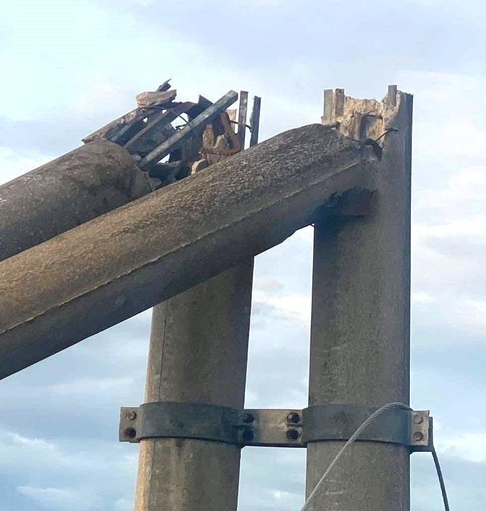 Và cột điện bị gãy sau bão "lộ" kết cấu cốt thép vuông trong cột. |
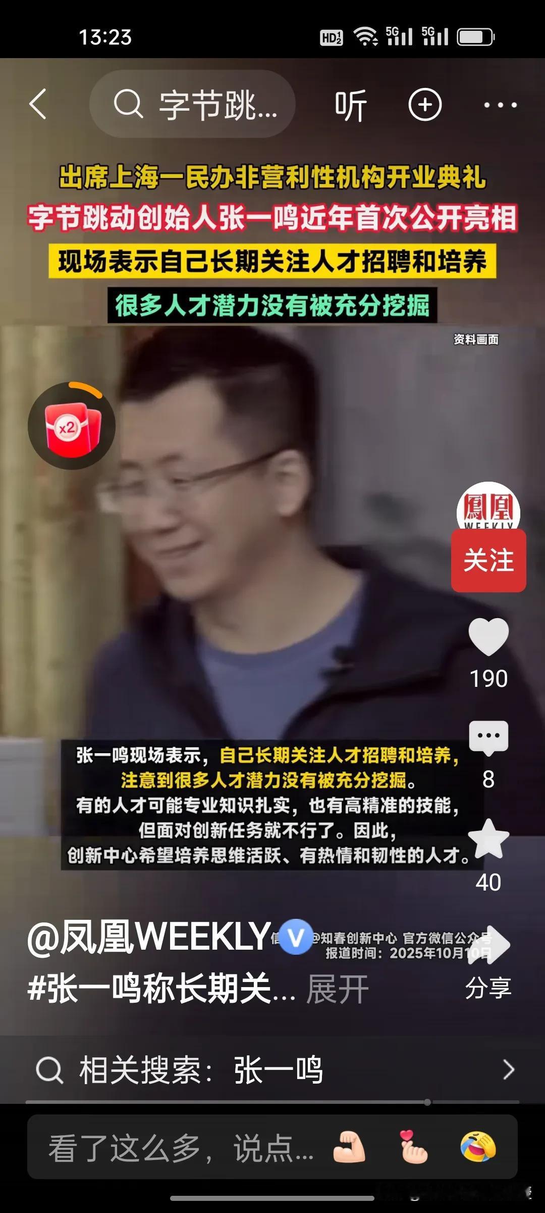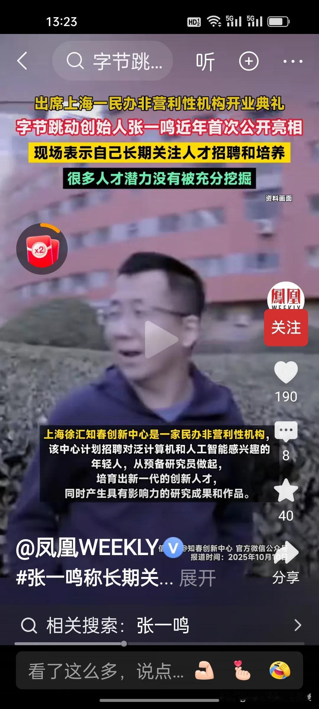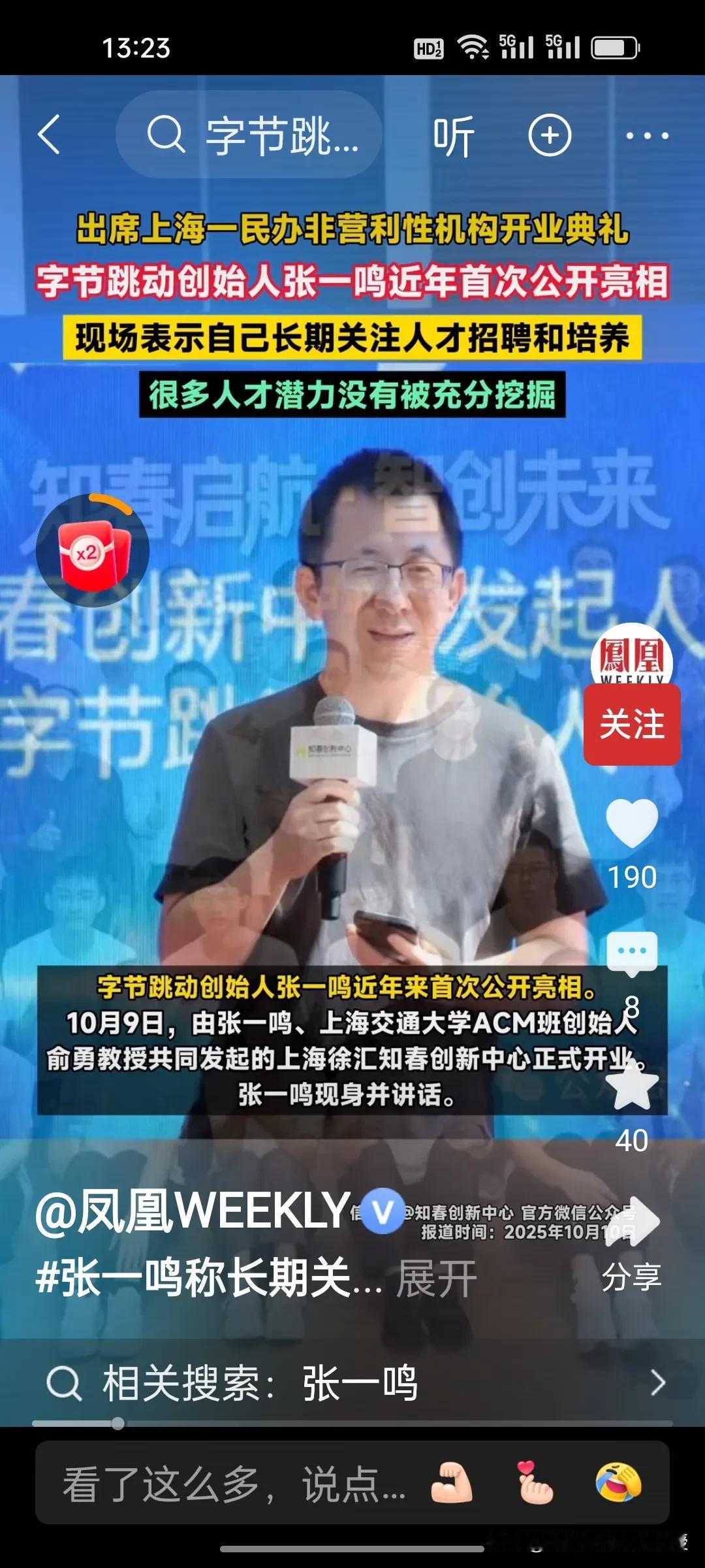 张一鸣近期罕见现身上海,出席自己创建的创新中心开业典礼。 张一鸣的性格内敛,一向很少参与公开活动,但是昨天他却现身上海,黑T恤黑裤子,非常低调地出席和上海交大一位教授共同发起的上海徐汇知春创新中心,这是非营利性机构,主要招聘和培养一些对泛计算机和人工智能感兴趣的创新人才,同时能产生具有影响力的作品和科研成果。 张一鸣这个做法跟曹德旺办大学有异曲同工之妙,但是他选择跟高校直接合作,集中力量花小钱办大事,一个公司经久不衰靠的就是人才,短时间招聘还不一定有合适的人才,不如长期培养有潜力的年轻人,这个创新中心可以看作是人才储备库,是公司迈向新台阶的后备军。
——————————
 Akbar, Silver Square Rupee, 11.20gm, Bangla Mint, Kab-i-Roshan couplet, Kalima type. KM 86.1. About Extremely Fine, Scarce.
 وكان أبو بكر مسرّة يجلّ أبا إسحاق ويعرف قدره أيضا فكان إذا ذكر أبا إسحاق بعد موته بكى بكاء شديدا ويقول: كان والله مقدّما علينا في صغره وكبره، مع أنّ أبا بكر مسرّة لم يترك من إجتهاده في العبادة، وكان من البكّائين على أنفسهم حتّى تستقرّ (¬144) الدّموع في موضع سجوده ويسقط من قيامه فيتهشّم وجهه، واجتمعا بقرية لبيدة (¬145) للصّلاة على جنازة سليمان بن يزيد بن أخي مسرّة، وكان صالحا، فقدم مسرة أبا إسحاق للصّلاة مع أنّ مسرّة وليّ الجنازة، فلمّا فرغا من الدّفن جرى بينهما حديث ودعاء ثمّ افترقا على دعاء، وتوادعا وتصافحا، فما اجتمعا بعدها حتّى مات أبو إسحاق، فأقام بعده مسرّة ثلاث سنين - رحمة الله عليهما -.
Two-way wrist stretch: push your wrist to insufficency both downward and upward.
——————————
- Required work
Reproduce exactly, and only, the part of the listing above that begins at the line with "وكان أبو بكر" and goes on through the line with "Two-way wrist stretch: push".

- Answer space
 وكان أبو بكر مسرّة يجلّ أبا إسحاق ويعرف قدره أيضا فكان إذا ذكر أبا إسحاق بعد موته بكى بكاء شديدا ويقول: كان والله مقدّما علينا في صغره وكبره، مع أنّ أبا بكر مسرّة لم يترك من إجتهاده في العبادة، وكان من البكّائين على أنفسهم حتّى تستقرّ (¬144) الدّموع في موضع سجوده ويسقط من قيامه فيتهشّم وجهه، واجتمعا بقرية لبيدة (¬145) للصّلاة على جنازة سليمان بن يزيد بن أخي مسرّة، وكان صالحا، فقدم مسرة أبا إسحاق للصّلاة مع أنّ مسرّة وليّ الجنازة، فلمّا فرغا من الدّفن جرى بينهما حديث ودعاء ثمّ افترقا على دعاء، وتوادعا وتصافحا، فما اجتمعا بعدها حتّى مات أبو إسحاق، فأقام بعده مسرّة ثلاث سنين - رحمة الله عليهما -.
Two-way wrist stretch: push your wrist to insufficency both downward and upward.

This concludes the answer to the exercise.